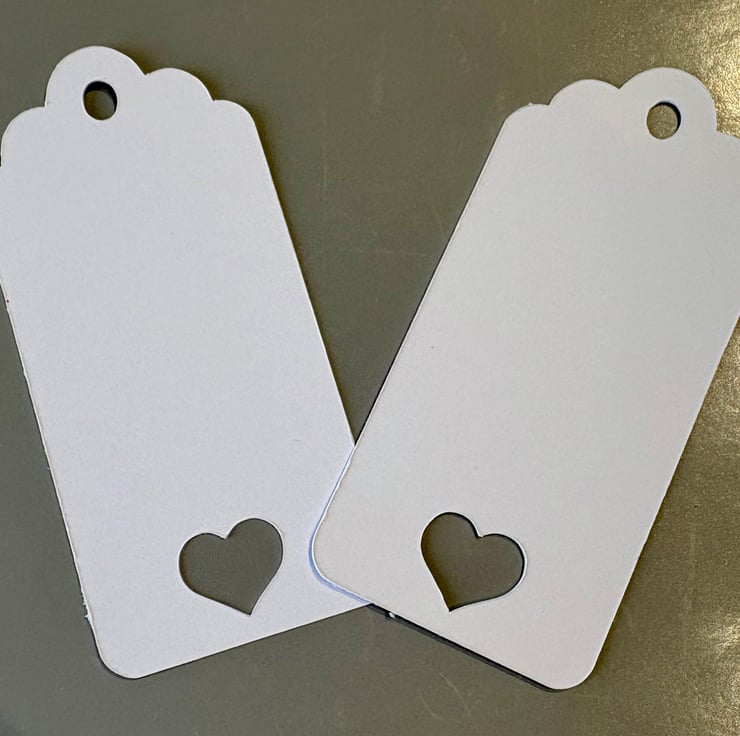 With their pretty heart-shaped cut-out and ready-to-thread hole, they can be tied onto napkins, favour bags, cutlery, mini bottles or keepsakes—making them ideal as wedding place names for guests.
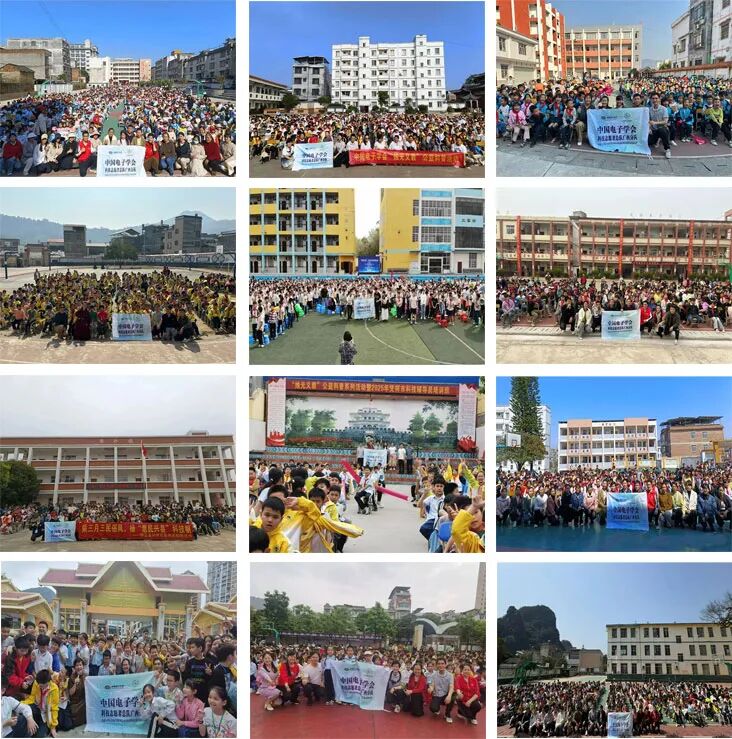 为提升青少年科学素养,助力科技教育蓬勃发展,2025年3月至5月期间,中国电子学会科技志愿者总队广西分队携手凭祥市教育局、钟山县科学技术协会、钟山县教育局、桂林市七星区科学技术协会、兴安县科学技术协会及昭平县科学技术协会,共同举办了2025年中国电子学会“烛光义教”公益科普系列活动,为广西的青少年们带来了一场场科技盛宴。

○ ○ ○ ○

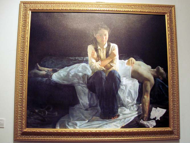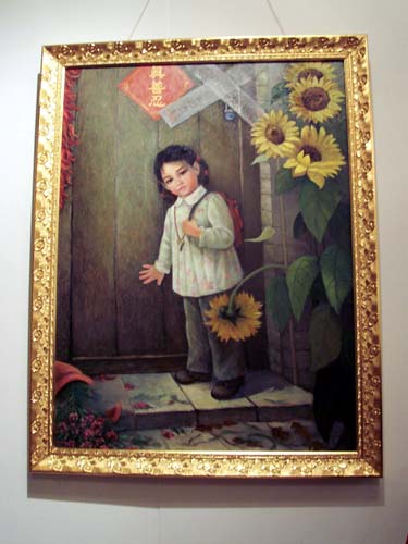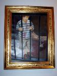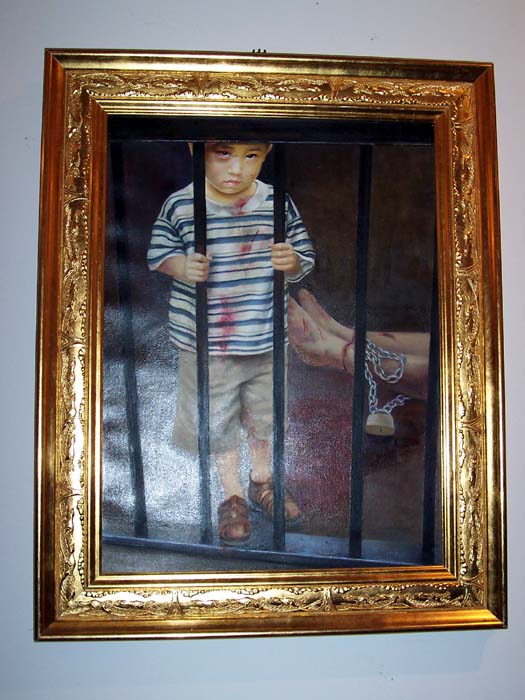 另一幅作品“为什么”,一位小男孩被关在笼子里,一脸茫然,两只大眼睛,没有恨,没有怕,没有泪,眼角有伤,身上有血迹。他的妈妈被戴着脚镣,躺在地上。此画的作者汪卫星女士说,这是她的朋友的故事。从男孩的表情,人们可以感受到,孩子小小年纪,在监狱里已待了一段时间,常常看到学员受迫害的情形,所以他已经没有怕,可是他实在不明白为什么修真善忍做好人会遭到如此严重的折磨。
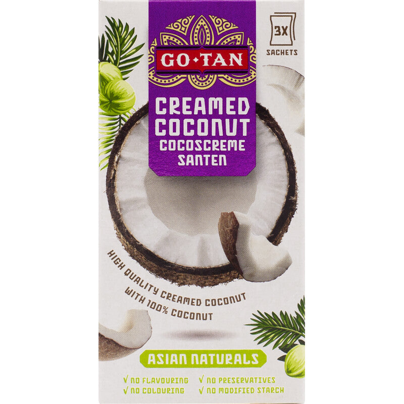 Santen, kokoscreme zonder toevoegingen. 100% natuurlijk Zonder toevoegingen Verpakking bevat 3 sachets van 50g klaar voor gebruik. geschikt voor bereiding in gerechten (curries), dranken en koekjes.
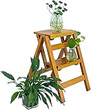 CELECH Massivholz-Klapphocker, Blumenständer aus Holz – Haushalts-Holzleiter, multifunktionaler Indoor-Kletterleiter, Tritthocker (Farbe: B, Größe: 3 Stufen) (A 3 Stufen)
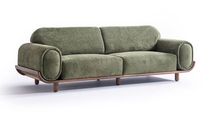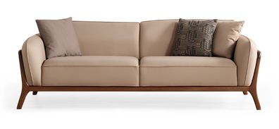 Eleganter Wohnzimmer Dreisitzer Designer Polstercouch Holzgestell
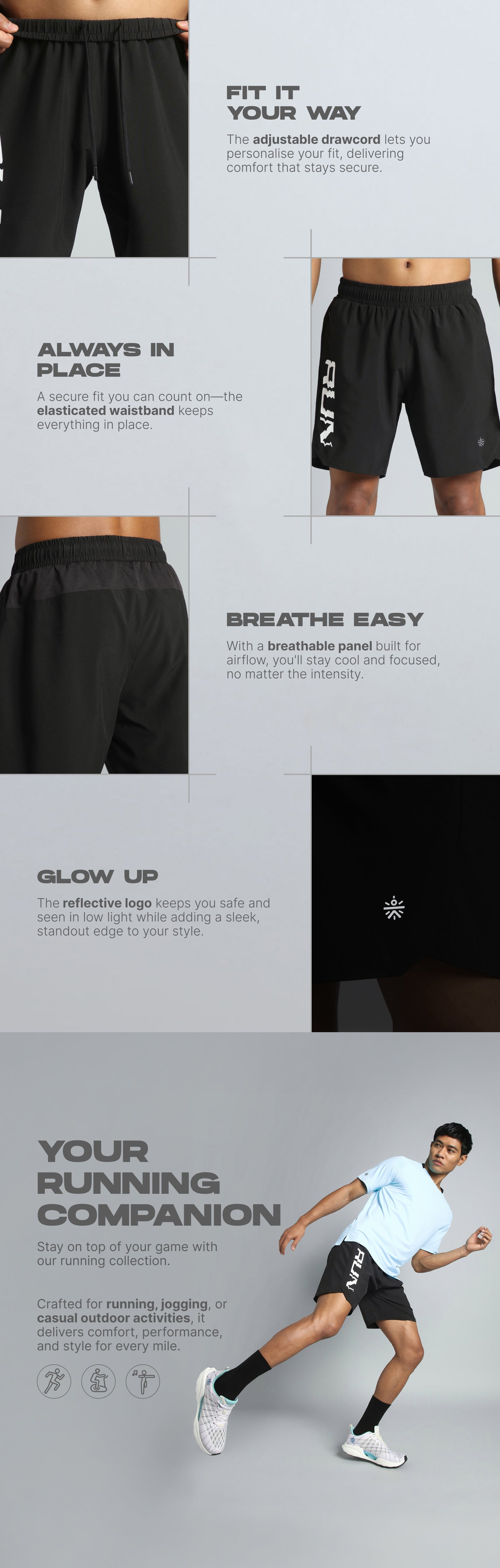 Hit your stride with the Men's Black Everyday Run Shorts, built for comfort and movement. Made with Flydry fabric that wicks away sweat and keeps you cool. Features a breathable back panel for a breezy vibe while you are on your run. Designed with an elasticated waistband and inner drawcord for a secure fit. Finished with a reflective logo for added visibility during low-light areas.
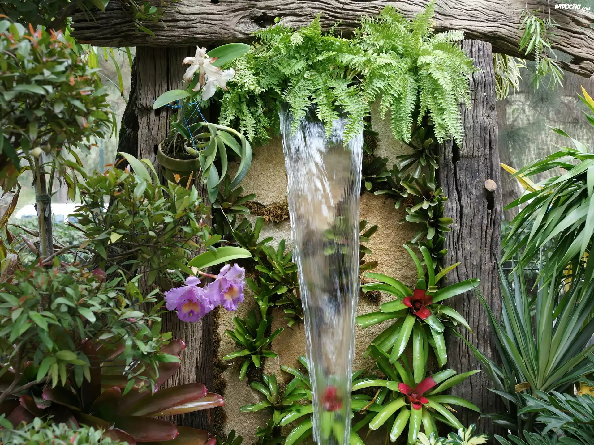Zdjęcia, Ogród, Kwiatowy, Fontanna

○ ○ ○ ○

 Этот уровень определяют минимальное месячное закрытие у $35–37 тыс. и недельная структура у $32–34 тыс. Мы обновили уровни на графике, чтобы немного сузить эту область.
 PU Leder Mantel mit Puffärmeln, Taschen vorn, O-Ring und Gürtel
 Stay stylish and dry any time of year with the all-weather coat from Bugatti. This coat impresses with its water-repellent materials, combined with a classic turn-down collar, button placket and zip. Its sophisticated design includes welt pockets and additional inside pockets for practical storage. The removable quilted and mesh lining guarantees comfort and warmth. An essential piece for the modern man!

○ ○ ○ ○

*REQUIRED WORK*
Could you repeat exactly the lines above from the line with "Этот уровень определяют" up to and including the line with "Stay stylish and", and only those?

*COMPLETED EXERCISE*
 Этот уровень определяют минимальное месячное закрытие у $35–37 тыс. и недельная структура у $32–34 тыс. Мы обновили уровни на графике, чтобы немного сузить эту область.
 PU Leder Mantel mit Puffärmeln, Taschen vorn, O-Ring und Gürtel
 Stay stylish and dry any time of year with the all-weather coat from Bugatti. This coat impresses with its water-repellent materials, combined with a classic turn-down collar, button placket and zip. Its sophisticated design includes welt pockets and additional inside pockets for practical storage. The removable quilted and mesh lining guarantees comfort and warmth. An essential piece for the modern man!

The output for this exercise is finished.